Facing long odds for success through reconciliation, many Republicans are pinning their hopes on the 2016 presidential election, when they hope their party will recapture the White House and control the legislative agenda.
But even if they won control of Congress and the White House, Republicans could find it difficult to get ObamaCare repeal past a Democratic filibuster in the Senate.

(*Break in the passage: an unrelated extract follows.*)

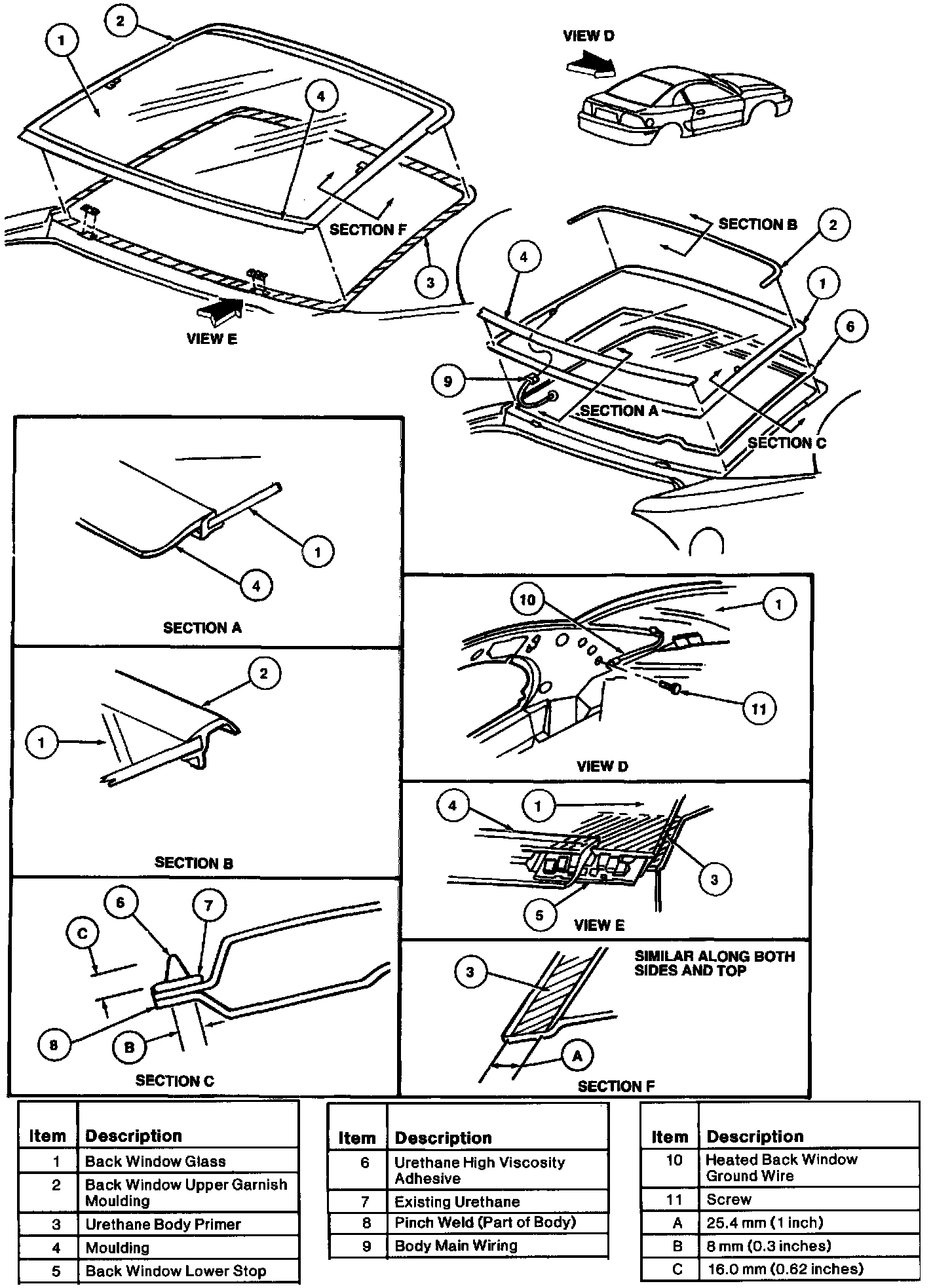 CAUTION: When replacing urethane installed glass parts, do not drive the vehicle until the urethane has cured. At temperatures above 13°C (55°F) and relative humidities above 50%, adequate cure time is typically 12 to 24 hours (less at higher temperatures and lower humidities). See detailed instructions provided by the urethane manufacturer. Inadequate or improper curing may adversely affect the retention of the back window glass.

Under questioning from radio host Hugh Hewitt last week, presidential candidate Jeb Bush said he was open to the idea of curbing the filibuster to repeal ObamaCare.
2.) Marketplaces failing
Some of the 13 states that opted to set up ObamaCare marketplaces, known as exchanges, are considering turning over part or all of their operations to the federal government due to financial and technical problems.
New Mexico, Nevada and Oregon have already handed over the toughest aspects of their operations to the federal IT system. Hawaii decided earlier this year to follow suit, and other states, including Vermont and Minnesota, are considering their options.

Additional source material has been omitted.